Exercise directions: The answer should consist of the full listing below, repeated exactly and free of pictures.

Data section:
┌──
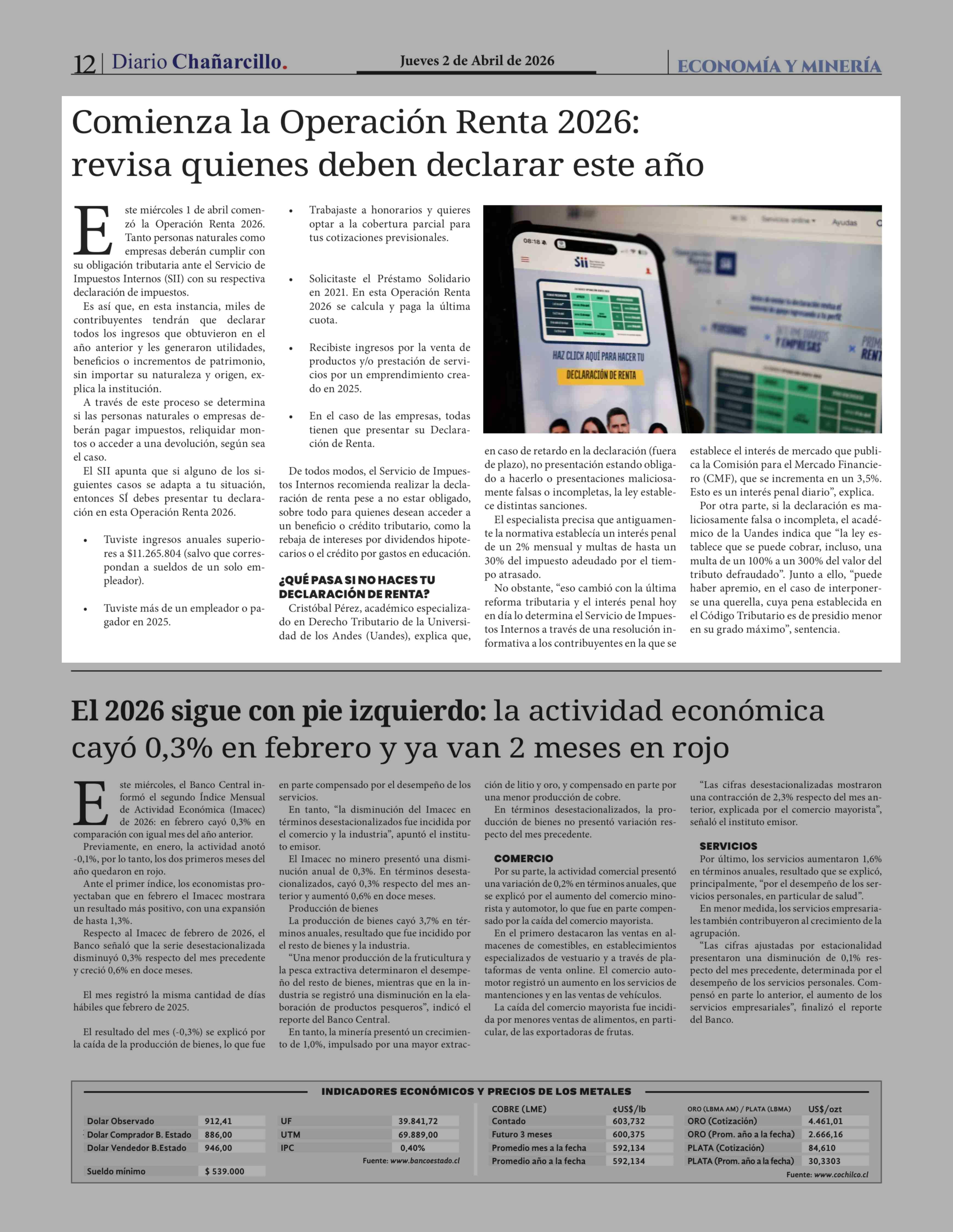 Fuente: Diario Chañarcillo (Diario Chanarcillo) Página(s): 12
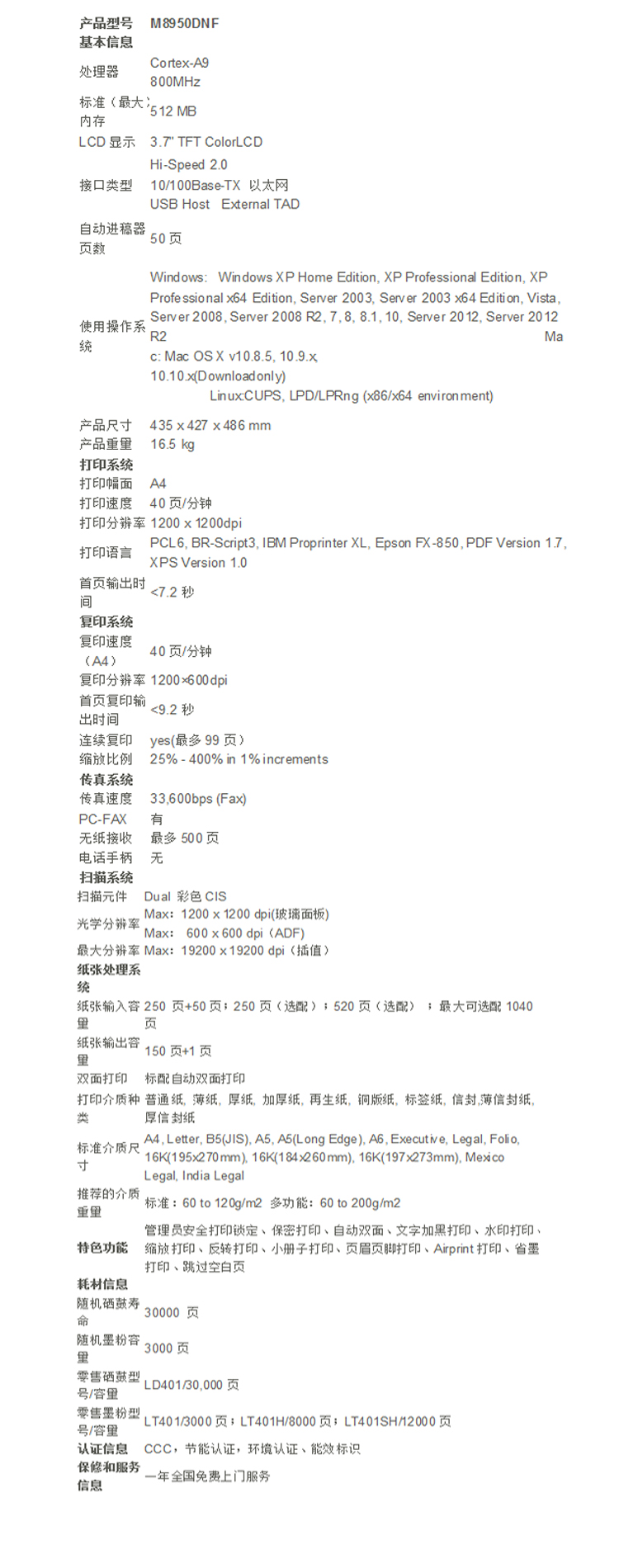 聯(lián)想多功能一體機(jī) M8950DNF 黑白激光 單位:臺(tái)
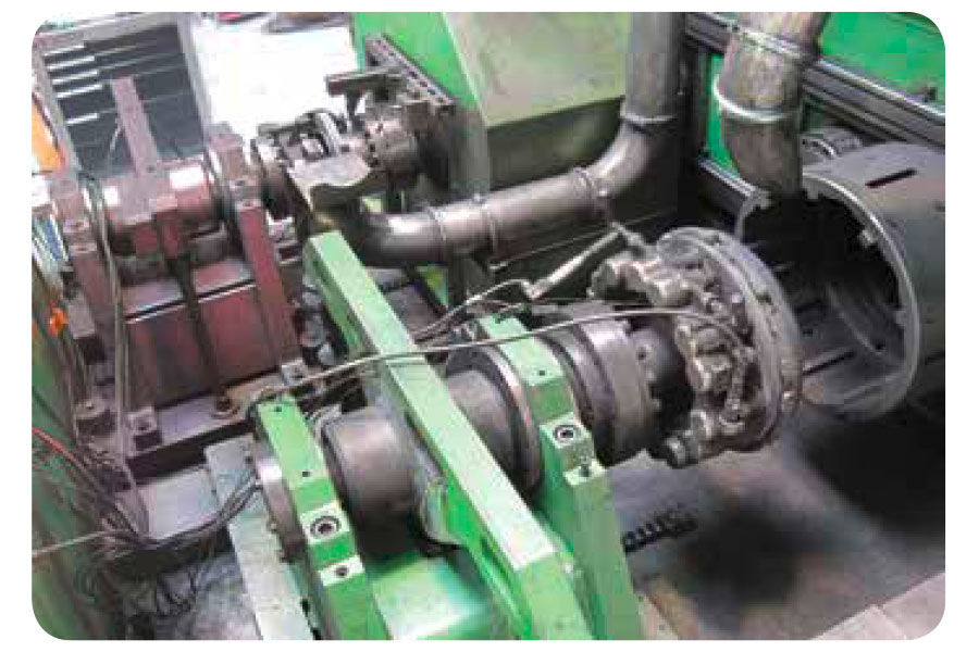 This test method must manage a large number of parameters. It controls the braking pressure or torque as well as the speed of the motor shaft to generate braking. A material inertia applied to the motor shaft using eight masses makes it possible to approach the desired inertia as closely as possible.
└──
Result of this task:
 Fuente: Diario Chañarcillo (Diario Chanarcillo) Página(s): 12
 聯(lián)想多功能一體機(jī) M8950DNF 黑白激光 單位:臺(tái)
 This test method must manage a large number of parameters. It controls the braking pressure or torque as well as the speed of the motor shaft to generate braking. A material inertia applied to the motor shaft using eight masses makes it possible to approach the desired inertia as closely as possible.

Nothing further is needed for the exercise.